I mix ghostwood all the time to try to create a designer wood. I know that outbreeding depression has been proven with other types of wood, but until you can PROVE that it's bad with ghostwood too, I'm gonna keep doing it.


----------



## Pumilo

Seriously though, according to Frogparty it is Antelope bitterbrush http://www.dendroboard.com/forum/beginner-discussion/77407-wood-features-vivarium-2.html


----------



## frogparty

thats it. good times
No big secret.


----------



## jacobi

So many comments I want to make. All so wrong...


----------



## Boondoggle

Pumilo said:


> I mix ghostwood all the time to try to create a designer wood. I know that outbreeding depression has been proven with other types of wood, but until you can PROVE that it's bad with ghostwood too, I'm gonna keep doing it.


I'm at work laughing out loud at this, knowing full well that if I were to explain to my workmates what was so funny they would never get it.


----------



## Shinosuke

Boondoggle said:


> I'm at work laughing out loud at this, knowing full well that if I were to explain to my workmates what was so funny they would never get it.


I have this problem ALL the time!


----------



## JimO

No, no Mark. You're confusing it with zombie wood, which is from a plant of which I cannot divulge the name. This plant is impossible to kill. You might find this nice piece of wood that looks as dead as a doorknob, but as soon as you put it in the viv, it starts to grow, takes over the viv and eats the frogs' brains. Then it comes after you.

Of course, since it feeds on brains, well, uh, how should I say this, you might not have to worry. 


markpulawski said:


> It's wood that has died but does not realize it and has not crossed over.


----------



## JimO

This is a ghost thread! It started in 2005 for pete's sake.


----------



## Scoobs

Is there a trick to make your ghost wood become greener faster?


----------



## Scoobs

Does anyone sell ghost wood already green? I understand the price would be higher but is it even available?


----------



## ICS523

I've got the stuff in one of my vivs, its really pretty but it darkens the water a lot in my pond (tanic acid leeches from wood)


----------



## BethInAK

ICS523 said:


> I've got the stuff in one of my vivs, its really pretty but it darkens the water a lot in my pond (tanic acid leeches from wood)



Which? The zombie wood? The ghost wood? The manzanita? or the Antelope Bitterwood.


----------



## sports_doc

You all are hysterical 

I did, and still do, purchase my Ghostwood from Blk Jungle and from what I understand it is only limited available due to permitting etc. Hopefully still in a sustainable manner.

Anyway try it.
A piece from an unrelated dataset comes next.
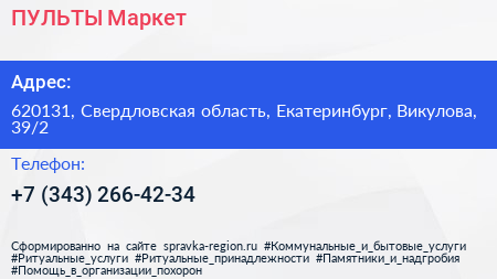 ПУЛЬТЫ-Маркет по адресу 620131, Свердловская область, Екатеринбург, Викулова, 39/2 в дальнейшем Организация, размещена в следующих категориях:
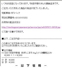 発送完了メール例

You'll like it.


----------



## Mandalore77

https://plants.usda.gov/java/largeImage?imageID=juoca_002_avp.tif 
i think this could be it.

Juniperus occidentalis


----------



## tongo

this thread is from 2005, its probably dead.


----------



## Mandalore77

Probably 


Sent from my iPhone using Tapatalk


----------



## Mike1239

Ghost Thread


----------